WHAT NEEDS TO BE DONE:
For this task, output exactly the lines of the material below starting at the line with "I was very glad" and ending at the line with "The interiors are"; pictures are to be excluded.

** Opening THE INPUT block **

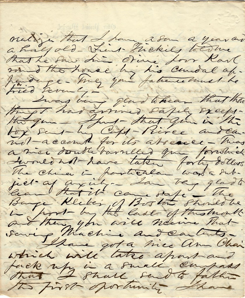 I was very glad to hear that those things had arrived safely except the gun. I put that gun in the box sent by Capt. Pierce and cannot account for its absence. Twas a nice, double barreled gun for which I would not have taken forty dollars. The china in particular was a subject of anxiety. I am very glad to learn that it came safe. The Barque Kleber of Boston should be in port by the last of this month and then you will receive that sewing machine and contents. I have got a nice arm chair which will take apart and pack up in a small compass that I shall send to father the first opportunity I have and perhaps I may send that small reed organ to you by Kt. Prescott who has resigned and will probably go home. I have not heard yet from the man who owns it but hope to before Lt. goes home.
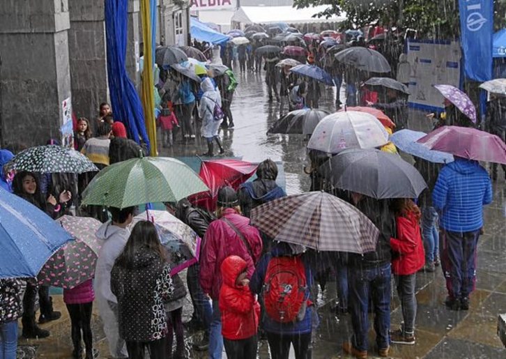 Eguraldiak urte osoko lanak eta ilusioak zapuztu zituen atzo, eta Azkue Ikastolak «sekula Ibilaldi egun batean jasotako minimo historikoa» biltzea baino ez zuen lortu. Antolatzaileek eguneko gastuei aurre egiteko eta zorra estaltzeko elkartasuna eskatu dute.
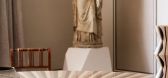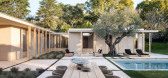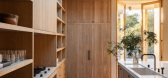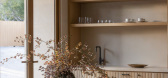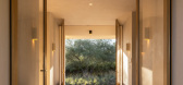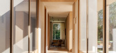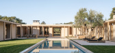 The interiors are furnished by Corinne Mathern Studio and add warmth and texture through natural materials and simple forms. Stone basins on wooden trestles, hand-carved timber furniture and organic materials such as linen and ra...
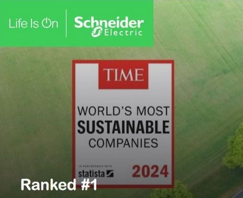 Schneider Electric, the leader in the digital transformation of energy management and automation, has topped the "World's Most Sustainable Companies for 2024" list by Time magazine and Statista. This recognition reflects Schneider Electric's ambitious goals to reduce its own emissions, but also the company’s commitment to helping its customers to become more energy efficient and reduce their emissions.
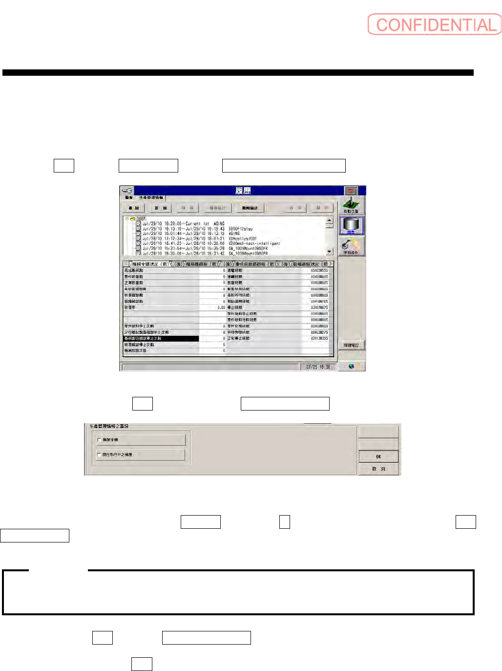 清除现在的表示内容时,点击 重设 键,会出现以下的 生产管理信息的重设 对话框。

** Closing THE INPUT block **
** Opening THE INPUT block **

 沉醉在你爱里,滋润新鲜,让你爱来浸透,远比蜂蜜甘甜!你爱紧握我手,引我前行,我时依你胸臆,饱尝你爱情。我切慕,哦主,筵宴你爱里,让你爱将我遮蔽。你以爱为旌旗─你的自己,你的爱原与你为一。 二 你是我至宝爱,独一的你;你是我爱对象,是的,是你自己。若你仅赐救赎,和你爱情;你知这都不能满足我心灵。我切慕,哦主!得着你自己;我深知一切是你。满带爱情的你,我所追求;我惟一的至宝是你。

** Closing THE INPUT block **
** Opening THE INPUT block **

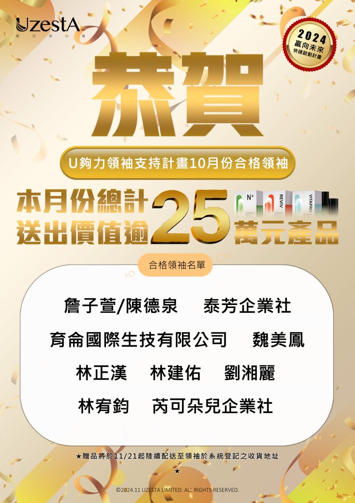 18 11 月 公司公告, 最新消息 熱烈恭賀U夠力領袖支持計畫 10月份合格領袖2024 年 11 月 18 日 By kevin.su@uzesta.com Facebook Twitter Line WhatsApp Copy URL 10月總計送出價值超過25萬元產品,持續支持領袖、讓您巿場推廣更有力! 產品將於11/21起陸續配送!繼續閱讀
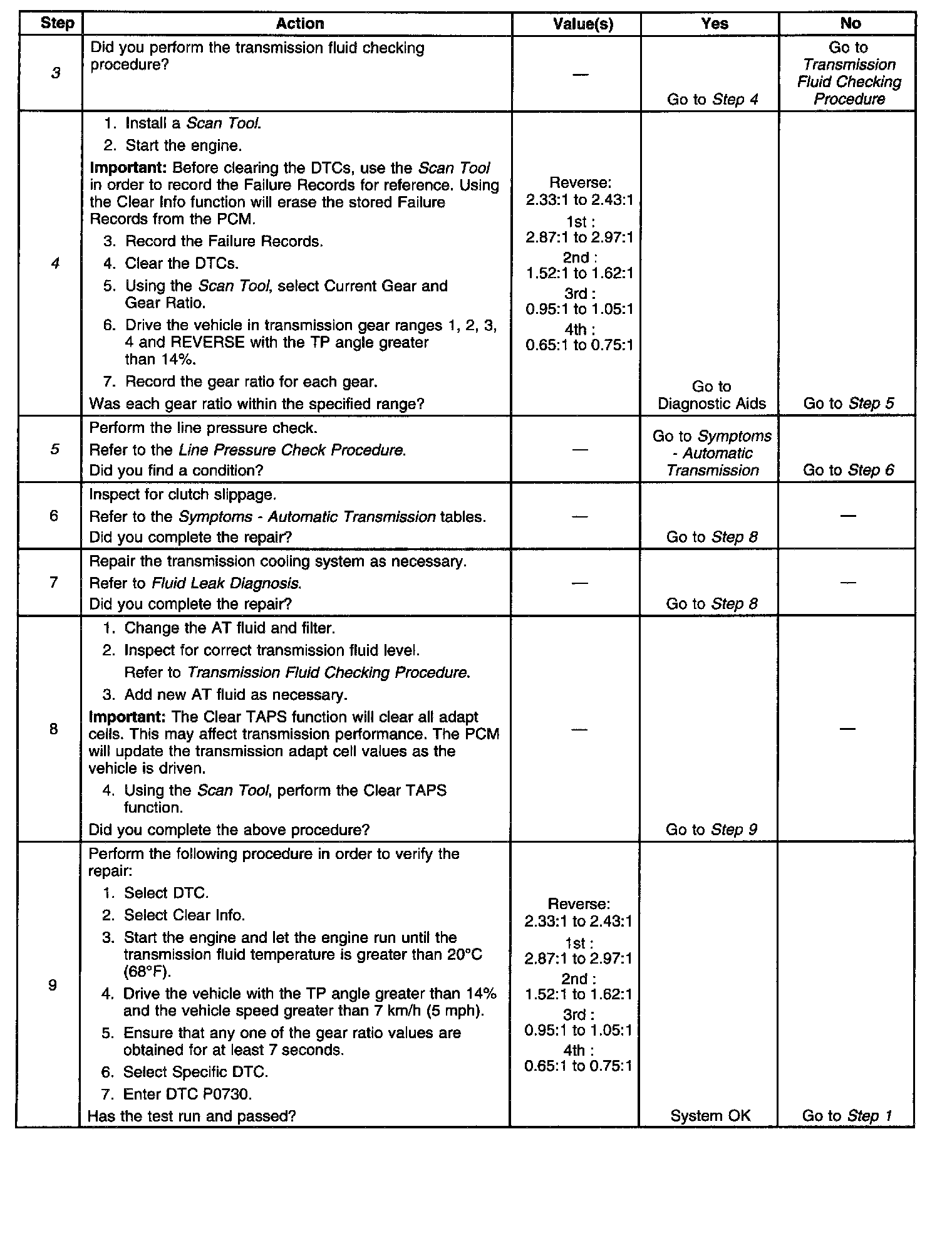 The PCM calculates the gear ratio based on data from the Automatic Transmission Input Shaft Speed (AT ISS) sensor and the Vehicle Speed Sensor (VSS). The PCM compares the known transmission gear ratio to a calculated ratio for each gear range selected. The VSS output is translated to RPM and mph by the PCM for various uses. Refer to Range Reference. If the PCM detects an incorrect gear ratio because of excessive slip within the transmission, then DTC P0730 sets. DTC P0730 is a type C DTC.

** Closing THE INPUT block **

EXPECTED ANSWER:
 I was very glad to hear that those things had arrived safely except the gun. I put that gun in the box sent by Capt. Pierce and cannot account for its absence. Twas a nice, double barreled gun for which I would not have taken forty dollars. The china in particular was a subject of anxiety. I am very glad to learn that it came safe. The Barque Kleber of Boston should be in port by the last of this month and then you will receive that sewing machine and contents. I have got a nice arm chair which will take apart and pack up in a small compass that I shall send to father the first opportunity I have and perhaps I may send that small reed organ to you by Kt. Prescott who has resigned and will probably go home. I have not heard yet from the man who owns it but hope to before Lt. goes home.
 Eguraldiak urte osoko lanak eta ilusioak zapuztu zituen atzo, eta Azkue Ikastolak «sekula Ibilaldi egun batean jasotako minimo historikoa» biltzea baino ez zuen lortu. Antolatzaileek eguneko gastuei aurre egiteko eta zorra estaltzeko elkartasuna eskatu dute.
 The interiors are furnished by Corinne Mathern Studio and add warmth and texture through natural materials and simple forms. Stone basins on wooden trestles, hand-carved timber furniture and organic materials such as linen and ra...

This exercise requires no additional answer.